How about $A$ if $\text{adj}(A)$ is symmetric?

Question

If $\text{adj}(A)$ is a symmetric matrix with $A$ is $n, n$ real matrix, then is $A$ symmetric also?

(The inverse is true, which is well-known, i.e $A$ is symmetric then $\text{adj}(A)$ is symmetric also.)

Answer 1

$\text{adj}(\text{adj}(A))=\text{det}(A)^{n-2}A$

This is easy to prove for invertible matrices. It then follows from the converse you stated that A is also symmetric if it is invertible.
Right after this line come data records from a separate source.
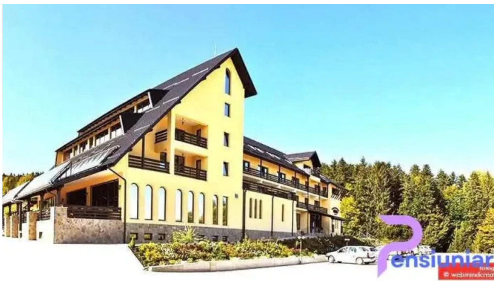
Voievod de la proprietar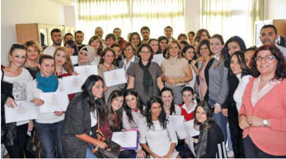
Sertifika almaya hak kazanan İlköğretim Bölümü öğrencileri Öğretim Görevlileri ile birarada

Doğu Akdeniz Üniversitesi (DAÜ), Eğitim Fakültesi İlköğretim Bölümü 2012 – 2013 Akademik Yılı'nda başarılı olan öğrencilerine "Şeref ve Yüksek Şeref" sertifikalarını vermek üzere sertifika töreni düzenledi.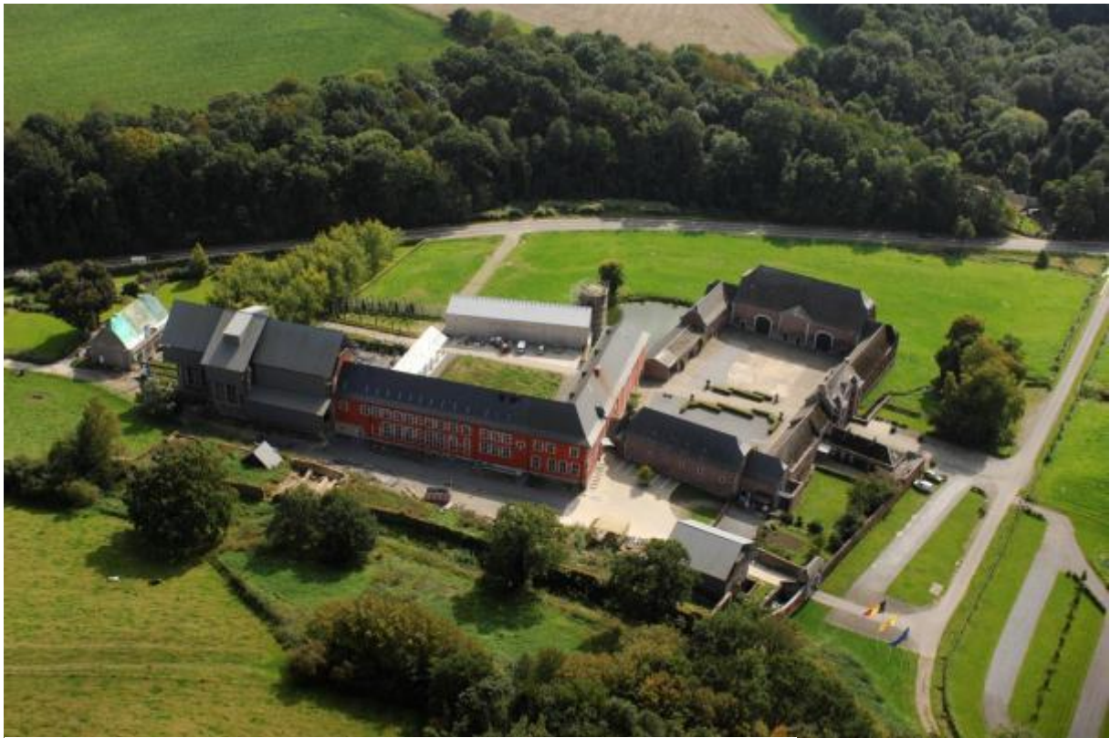
Site du centre de formation de La Paix-Dieu, à Amay, Institut du Patrimoine wallon. Belgique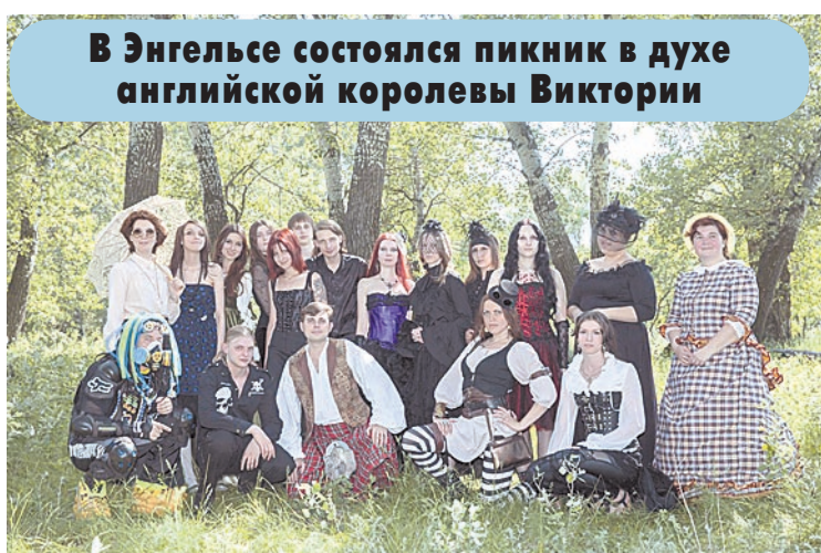
В Энгельсе состоялся пикник в духе английской королевы Виктории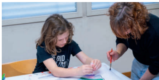
Bilder: Eltern-/ Kindmorgen Erstkommunion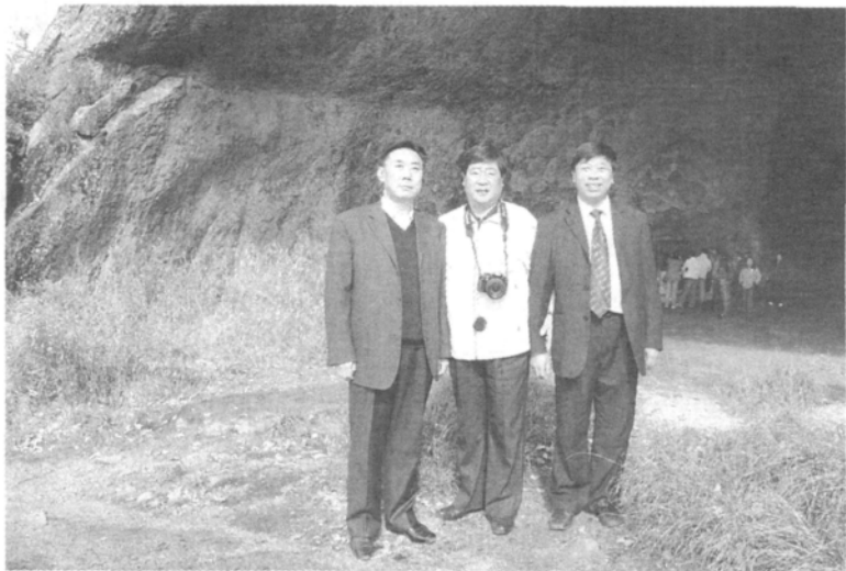
作者(中)考察鲜卑文化时在嘎仙洞前留影

开始开凿云冈石窟。公元494年拓跋北魏政权迁都洛阳,开始开凿龙门石窟。公元495年始建嵩山少林寺,并开始大规模的改革,由游牧经济转向农耕经济,由奴隶制转向封建制,禁穿鲜卑等民族的服装,禁讲鲜卑语言,改鲜卑诸姓为汉姓,帝室拓跋改为元姓,禁止死后葬在北方等,推动了经济文化的迅速发展,成为与南朝对峙的强大北方王朝,历史进入了南北朝时期。为中华民族的繁荣发展注入了新的血液,为隋唐盛世的形成奠定了基础。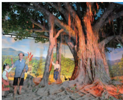
保育教育館1F大廳生命樹栩栩如生，讓民眾嘆為觀止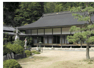
数珠繰りが行われる朝来町上岩津の鷲原寺

すべての行事を終えると、時間はすでに深夜。今年1年のご祈禱を終えた信徒らは、静かに家路につきます。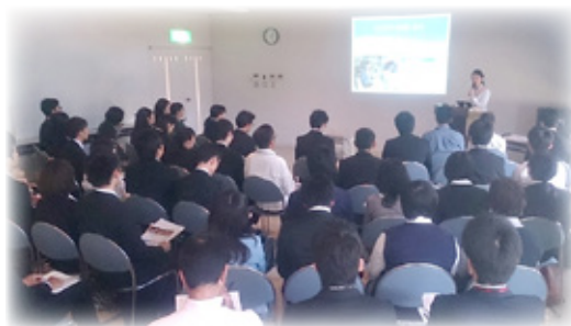
▲昨年度の説明会の様子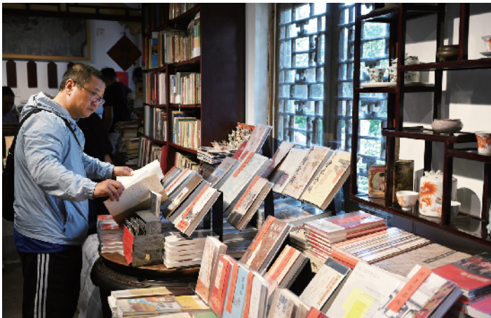
正阳书局专营北京相关书籍，北京城的往事在这都能找到答案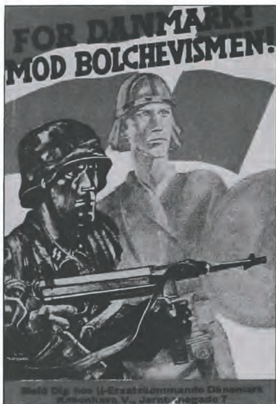
"For Danmark mod Bolshevismen". SS-hverveplakat med antikommunistisk indhold 1944.

marks Fjende Nummer 1". I december 1944 sendte Høyer hilsner til soldaterne ved fronten, som han ønskede ville sejre over "de nedbrydende Kræfter, der vil tage Jule-Evangeliet fra os alle" 31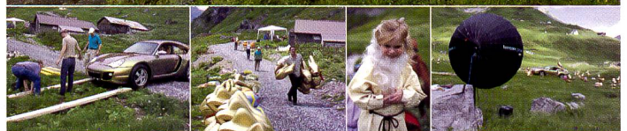
Kein Matchbox-Auto, alles echt! Das Bild wurde, unterhalb der Passhöhe des Klausenpasses, mit einer Mittelformatkamera mit dem Sinarback 54 (22 Mio. Pixel Auflösung) und einem Bron Para Blitzreflektor fotografiert.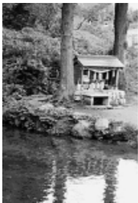
平成の名水「地蔵滝の泉」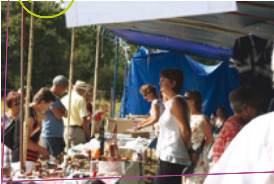
Artisanat et livres : à vos emplettes !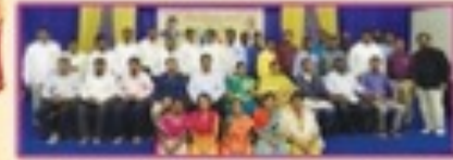
MTS Alumni - 2018

It is not true for non-invertible matrices, as other answers have indicated

Answer 2

No, this is not true. Take for example the matrix $$A = \begin{bmatrix} 0 & 0 & 0 \\ 1 & 0 & 0 \\ 0 & 0 & 0\end{bmatrix}$$ which has the property that ever minor's determinant (and thus every co-factor) is zero. (To see why this is, note that ever minor must have a zero row, since there are two zero rows in $A$ and you can't eliminate both when creating a minor).

Answer 3

$A$ is non-symmetric and $\operatorname{adj}(A)$ is symmetric if and only if $A$ is orthogonally similar to $\pmatrix{0&0\\ 0&B}$ for some non-symmetric matrix $B\in M_{n-1}(\mathbb R)$. (It follows that the answer to your question is negative and $A=0\oplus B$ is a counterexample when $B$ is non-symmetric.)

Suppose $\operatorname{adj}(A)$ is symmetric but $A$ is non-symmetric. Then $A$ is singular (otherwise $A^{-1}=\frac{1}{\det(A)}\operatorname{adj}(A)$ is symmetric and so is $A$) but nonzero (otherwise $A$ is symmetric). Hence the rank of $\operatorname{adj}(A)$ is at most $1$ and we may write $\operatorname{adj}(A)=auu^T$ for some nonzero scalar $a$ and some unit vector $u$. Since $a(Au)u^T=A\operatorname{adj}(A)=0=\operatorname{adj}(A)A=au(u^TA)$, we have $Au=0$ and $u^TA=0$. Pick any orthogonal matrix $Q$ whose first column is $u$. Then $Q^TAQ=\pmatrix{0&0\\ 0&B}$ for some matrix $B$. Since $A$ is non-symmetric, so must be $B$.

Conversely, suppose $Q^TAQ=\pmatrix{0&0\\ 0&B}$ for some orthogonal matrix $Q$ and non-symmetric matrix $B$. Then \begin{aligned} \pmatrix{\det(B)&0\\ 0&0} &=\operatorname{adj}\pmatrix{0&0\\ 0&B}\\ &=\operatorname{adj}(Q^TAQ)\\ &=\operatorname{adj}(Q)\operatorname{adj}(A)\operatorname{adj}(Q^T)\\ &=\left(\frac{1}{\det(Q)}Q^T\right)\operatorname{adj}(A)\left(\frac{1}{\det(Q^T)}Q\right)\\ &=Q^T\operatorname{adj}(A)Q. \end{aligned} Therefore $\operatorname{adj}(A)=Q\pmatrix{\det(B)&0\\ 0&0}Q^T$ is symmetric.